*EXERCISE*
Restate the listing below word for word, and leave its pictures behind.

*EXERCISE DATA*
+++
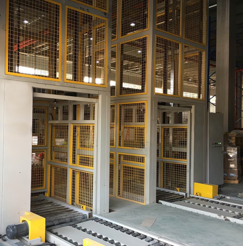 • 升降轿厢:承载货物平台,可配滚筒线、链条线、皮带线,与前后输送线自动对接。
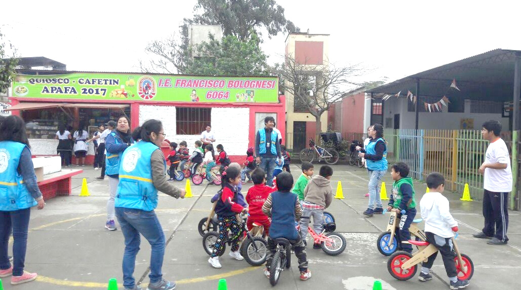 La participación del voluntariado juvenil de ambas comunas fue importante además del grupo de pedagogas (reconocidas por el MINEDU) los cuales diseñaron sesiones de aprendizaje sobre movilidad sostenible junto con los docentes del colegio.
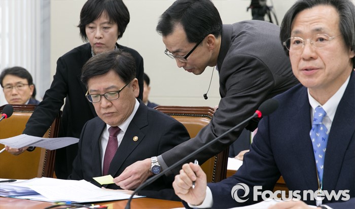 이날 긴급당정협의회에는 새누리당측 김정훈 정책위의장, 국회 보건복지위원회 여당 간사 이명수 의원과 정부측 정진엽 보건복지부 장관, 정기석 질병관리본부장 등이 참석한다.15일 오전 서울 여의도 국회에서 지카바이러스 대응 현황 및 보육 관련 현안·대책 논의를 위해 열린 보건복지위원회 전체회의에 참석한 정진엽(왼쪽) 보건복지부 장관이 직원들로부터 자료를 받고 있다. 오른쪽은 정기석 질병관리본부장. 2016.02.15 박동욱 기자
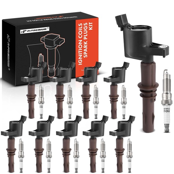 A-Premium Ignition Coils & Spark Plugs Kits Compatible with Ford F-150 2008-2010 F-250 F-350 F-450 Super Duty Mustang Lincoln Navigator 4.6L 5.4L 6.8L Iridium Black Set of 20
+++
*ANSWER TO THIS PROBLEM*
 • 升降轿厢:承载货物平台,可配滚筒线、链条线、皮带线,与前后输送线自动对接。
 La participación del voluntariado juvenil de ambas comunas fue importante además del grupo de pedagogas (reconocidas por el MINEDU) los cuales diseñaron sesiones de aprendizaje sobre movilidad sostenible junto con los docentes del colegio.
 이날 긴급당정협의회에는 새누리당측 김정훈 정책위의장, 국회 보건복지위원회 여당 간사 이명수 의원과 정부측 정진엽 보건복지부 장관, 정기석 질병관리본부장 등이 참석한다.15일 오전 서울 여의도 국회에서 지카바이러스 대응 현황 및 보육 관련 현안·대책 논의를 위해 열린 보건복지위원회 전체회의에 참석한 정진엽(왼쪽) 보건복지부 장관이 직원들로부터 자료를 받고 있다. 오른쪽은 정기석 질병관리본부장. 2016.02.15 박동욱 기자
 A-Premium Ignition Coils & Spark Plugs Kits Compatible with Ford F-150 2008-2010 F-250 F-350 F-450 Super Duty Mustang Lincoln Navigator 4.6L 5.4L 6.8L Iridium Black Set of 20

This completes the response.